Altered tones slightly as I liked the composition but it was overcast dull day:


----------



## de l'eau salée

God I can't get over your talent. It's so great. All your pictures feel so open and free.


----------



## ruyr

Jrquinlisk said:


> Wow. I don't think I've ever wanted a camera more. Or a lake.
> 
> The lake shots remind me of trips to my grandmother's house over the summer. Early in the morning, when the sun is still covered by the trees and the air is crisp and cool. There's an almost surreal silence, as though the rest of the world hasn't quite woken up yet. I think you've captured that perfectly.


It's wonderful you got that feeling from my images, I often head out at around 4am to have these places to myself for a while. Some shots are taken before sunrise to try and capture the strong colours.
I love to sit and watch the sunrise as often as possible :happy: although most days I get rained on and gray skies, the few days throughout the year when it turns into a wonderful moment are worth it.

A cold morning sat down the beach, the wind was very strong over the North Sea and pushing the waves into nice shapes. I setup to capture the sunrise and a bird came into view, alone and riding on the wind just long enough to make the shot. It gave me a great sense of freedom. It's a very common shot but the moment was wonderful so it's one of my favourites.


----------



## ruyr

Silhouetree said:


> God I can't get over your talent. It's so great. All your pictures feel so open and free.


:blushed::blushed: Wow! Thank you so much.


----------



## snail

You must be some kind of artistic genius. Those shots are fabulous. It makes me want to get a nicer camera and move somewhere pretty. 

...not that the coast isn't pretty.

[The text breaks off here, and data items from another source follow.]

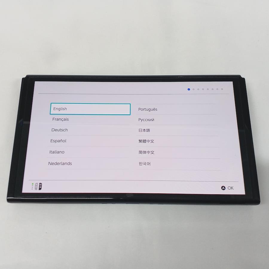 ■状態について動作確認、初期化済み。画面に保護フィルムが貼り付けてあります。ドックに黒い線状のキズがあります。Joy-Conグリップに使用感があります。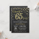 Convite de Aniversário de 65 Anos de Casamento Quadro Negro e Dourado. Sexagésimo quinto Aniversário de Casamento. Fundo de Diamante Brilhante Preto e Dourado. Confetes Dourados. Aniversário de Adulto. Festa de Aniversário de Homem ou Mulher. Para personalização adicional, clique no botão "Personalize" e use nossa ferramenta de design para modificar este modelo.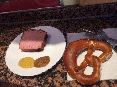 左の皿にはレーバーケーゼが乗っている。添えられているのは辛子。レーバーケーゼはミートローフみたいなもんだけど、日本の人がふつうに想像するミートローフより緻密な食感で、ソーセージに近い。ドイツのバイエルン地方で好まれる食べ物。お祭りに出る屋台でも紙皿で供される。小さな丸パンにはさんで供されるものもある。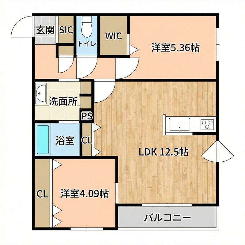 2LDK(53.22m²)└ LDK12.5帖 洋室5.36帖 洋室4.09帖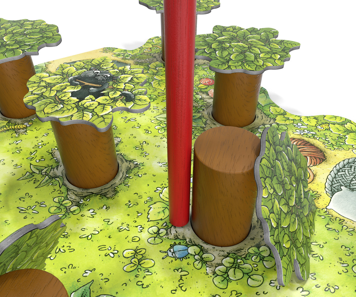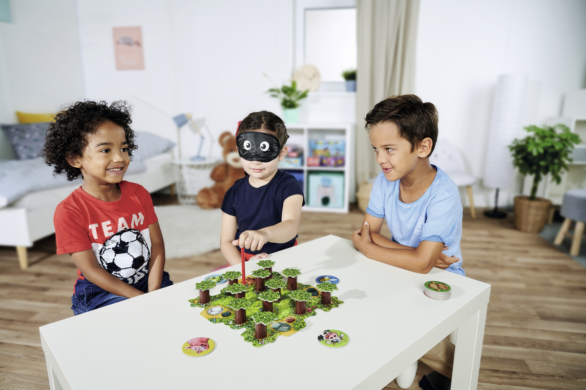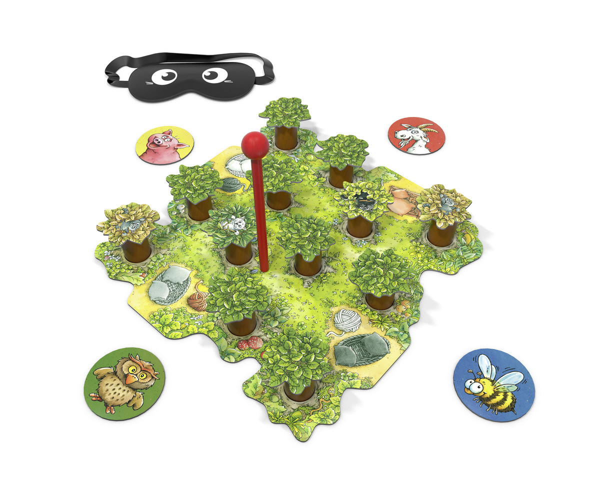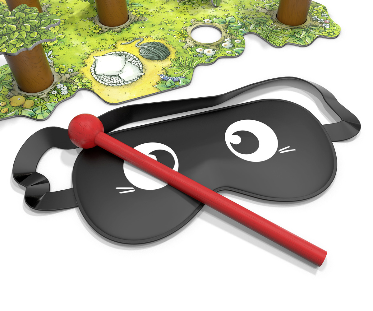 Gemeinsam bringen die Spieler Katzen aus dem Wald zurück in ihre Körbchen. Doch im Wald ist es dunkel. Mit verbunden Augen führt ein (wechselnder) Spieler seinen Wanderstab durch das unwegsame Gelände. Die anderen Spieler lotsen ihn mit Tierstimmen dorthin, wo die Katzen sich verirrt haben. Doch jeder falsche Kontakt kann dazu führen, dass störende Äste auf den Waldboden fallen. Genaues Hinhören ist gefragt: Aus welcher Richtung bellt der Hund, wie lange meckert die Ziege und wohin weist der Uhu den Weg? Nur durch aufmerksames Miteinander können die Katzen von den Bäumen geholt werden, ohne den Baumkronen zu schaden. Varianten für Kinder ab 5 und 6 Jahren ermöglichen das Kräftemessen mehrerer Teams und stellen höhere Anforderungen an das Zuhören und die gemeinsame Abstimmung der Bewegungen.

It's just that the clouds never seem to look like that here.


----------



## de l'eau salée

ruyr said:


> It's wonderful you got that feeling from my images, I often head out at around 4am to have these places to myself for a while. Some shots are taken before sunrise to try and capture the strong colours.
> I love to sit and watch the sunrise as often as possible :happy: although most days I get rained on and gray skies, the few days throughout the year when it turns into a wonderful moment are worth it.
> 
> A cold morning sat down the beach, the wind was very strong over the North Sea and pushing the waves into nice shapes. I setup to capture the sunrise and a bird came into view, alone and riding on the wind just long enough to make the shot. It gave me a great sense of freedom. It's a very common shot but the moment was wonderful so it's one of my favourites.

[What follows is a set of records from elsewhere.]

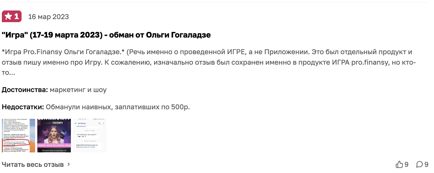 На просторе интернета можно найти множество отзывов о Profinansy ru. Однако такое большое количество комментариев не говорит о том, что все реальные отзывы об Ольге Гогаладзе хорошие. Множество негатива со стороны участников курса. В своих отзывах об инфопродукте от Ольги Гогаладзе пользователи жалуются, что заявленные функции дают мало практической ценности и не дотягивают до обещаний. Некоторые даже отмечают, что единственным полезным поинтом курсов являются распечатки за 3000 рублей и не более. Ожидаемого результата участники тоже не дождались.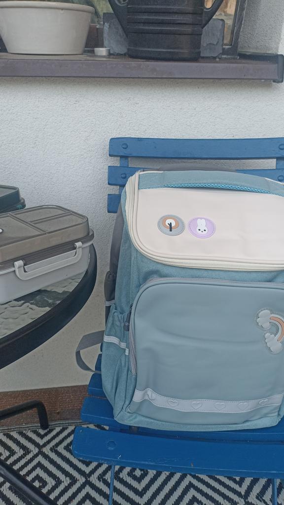 The backpack looks good, nice colors, good quality material, the large size of the backpack is suitable for a first-grade child. As for the drawbacks: Poor quality zippers, sewn carelessly. Small capacity pocket, doesn't fit a lunchbox, the bottom of the backpack is not rigid.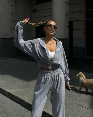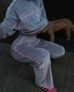 The elastic or adjustable drawstring waist ensures a comfortable and flexible fit, making this tracksuit perfect for a variety of activities, from relaxed walks to casual meetings. The velvet material retains warmth and comfort, making it ideal for cooler days or to add a touch of luxury to any moment of the day.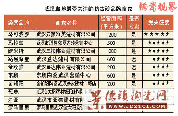 武漢市場(chǎng)上經(jīng)營(yíng)仿古磚的商家占到了所有建陶商家的60%以上,但真正有實(shí)力的仿古磚商家并不多,甚至還有很多商戶一直靠“炒貨”生存。不過,像馬可波羅、瑪拉茲、金意陶等以仿古磚經(jīng)營(yíng)為主的專賣店,在武漢市場(chǎng)上還是比較受歡迎的。但由于雜牌、低檔次仿古磚對(duì)市場(chǎng)有一定的沖擊作用,消費(fèi)者廣泛接受仿古磚還需時(shí)日。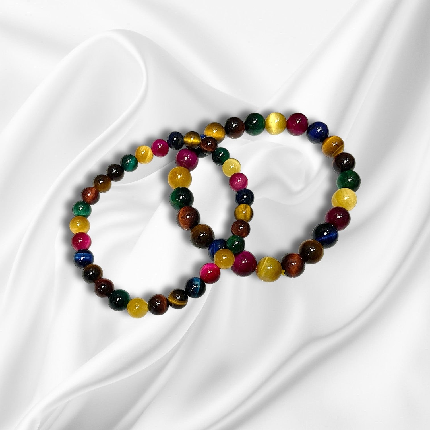 Bracelet en pierre naturelle d'oeil de tigre teinté, disponible en 2 tailles différentes: 6mm ou 8mm.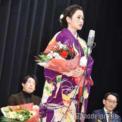 女優の関水渚が第43回・山路ふみ子映画賞「山路ふみ子新人女優賞」を受賞し、29日、都内にて行われた贈呈式に出席した。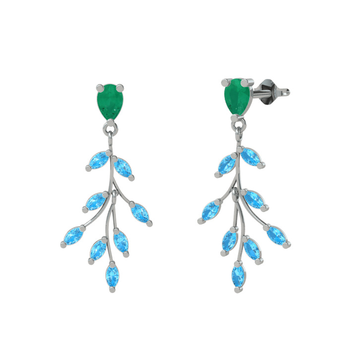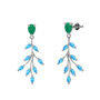 Dentale Yaprak Küpe - Kök zümrüt ve akuamarin 14 ayar beyaz altın küpe

Wow that one is by far my favorite one of your pictures. The waves look amazing, and the birds add a great touch, haha


----------



## silverlined

OMG! I love the boat one so much. It looks like a painting. Beautiful colors


----------



## NightSkyGirl

Excellent stuff. Do you have a website for your photography?


----------



## deepestblue

I love what I feel when I see your photos.


----------



## saturnbug

It's beauteous. I salute you and your artistic eye!


----------



## imchristinak

very serene and calming. forgot about my hunger! now i must go eat.


----------



## Randi92

xToXiCx said:


>



My step-dad worked at Konica!


----------



## OmarFW




----------



## obz900

Wow..those shots are incredibly beautiful. That makes me want to buy a camera. You have some extreme talent.


----------



## OmarFW

obz900 said:


> Wow..those shots are incredibly beautiful. That makes me want to buy a camera. You have some extreme talent.


it's not everyday i get my hands on a decent quality camera. i make use of the shots i get when i do though.

original for effect


----------



## luciddreams

i'm not sure if i posted on this, but i've done alot more photography since last time. im studying photography at degree level, 1st year! it seems like my calling. i can be as imaginative as i want. any comments welcome.


----------



## nerdy.trisha

Dont know how to do this other than attatchment. bear with me... or tell me how. lol


----------



## 2562q

Wow. I'm honestly inspired to go out and buy a camera and do this kind of stuff too. :laughing:


----------



## Dustdevil

mmmm... mini castle at Port Patrick, Scotland. I wish to live there.


----------